## Task
Set down the whole listing below exactly, without pictures.

═════ Collected data

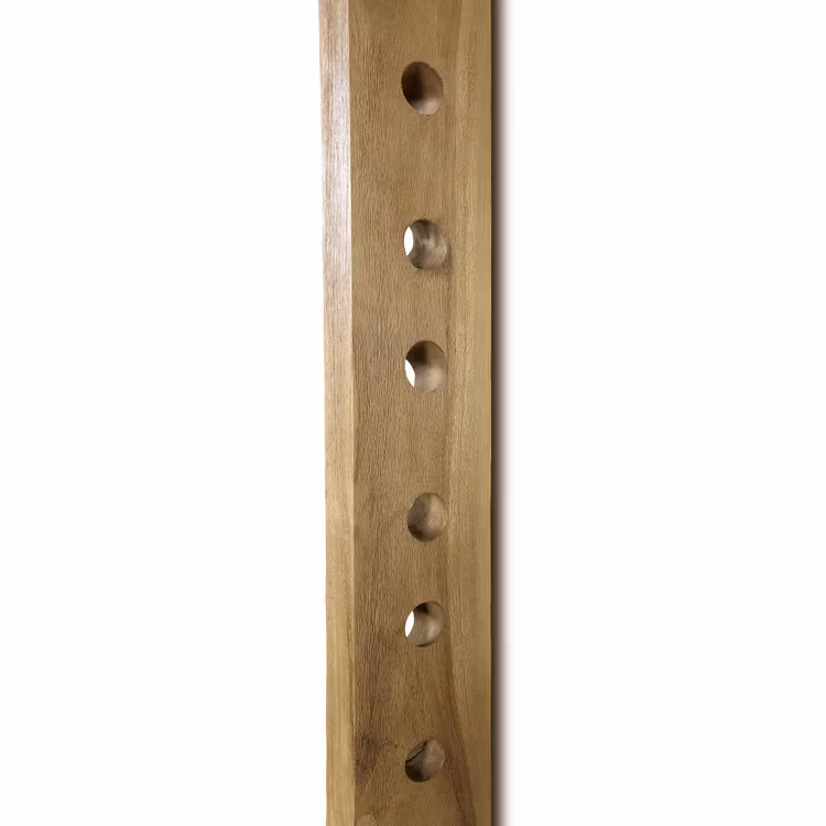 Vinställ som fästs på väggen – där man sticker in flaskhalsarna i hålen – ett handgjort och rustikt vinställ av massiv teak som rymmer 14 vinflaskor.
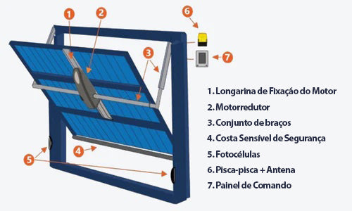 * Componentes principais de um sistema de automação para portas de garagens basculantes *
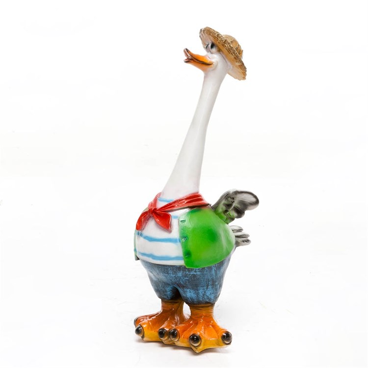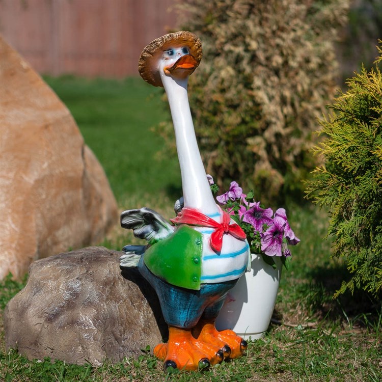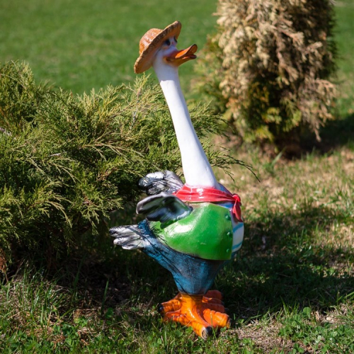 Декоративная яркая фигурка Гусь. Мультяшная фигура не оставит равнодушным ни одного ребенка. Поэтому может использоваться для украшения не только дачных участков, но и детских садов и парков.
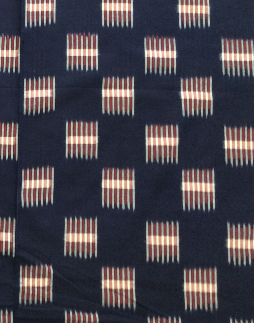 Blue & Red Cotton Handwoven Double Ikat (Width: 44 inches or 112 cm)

══════════

## Worked solution
 Vinställ som fästs på väggen – där man sticker in flaskhalsarna i hålen – ett handgjort och rustikt vinställ av massiv teak som rymmer 14 vinflaskor.
 * Componentes principais de um sistema de automação para portas de garagens basculantes *
 Декоративная яркая фигурка Гусь. Мультяшная фигура не оставит равнодушным ни одного ребенка. Поэтому может использоваться для украшения не только дачных участков, но и детских садов и парков.
 Blue & Red Cotton Handwoven Double Ikat (Width: 44 inches or 112 cm)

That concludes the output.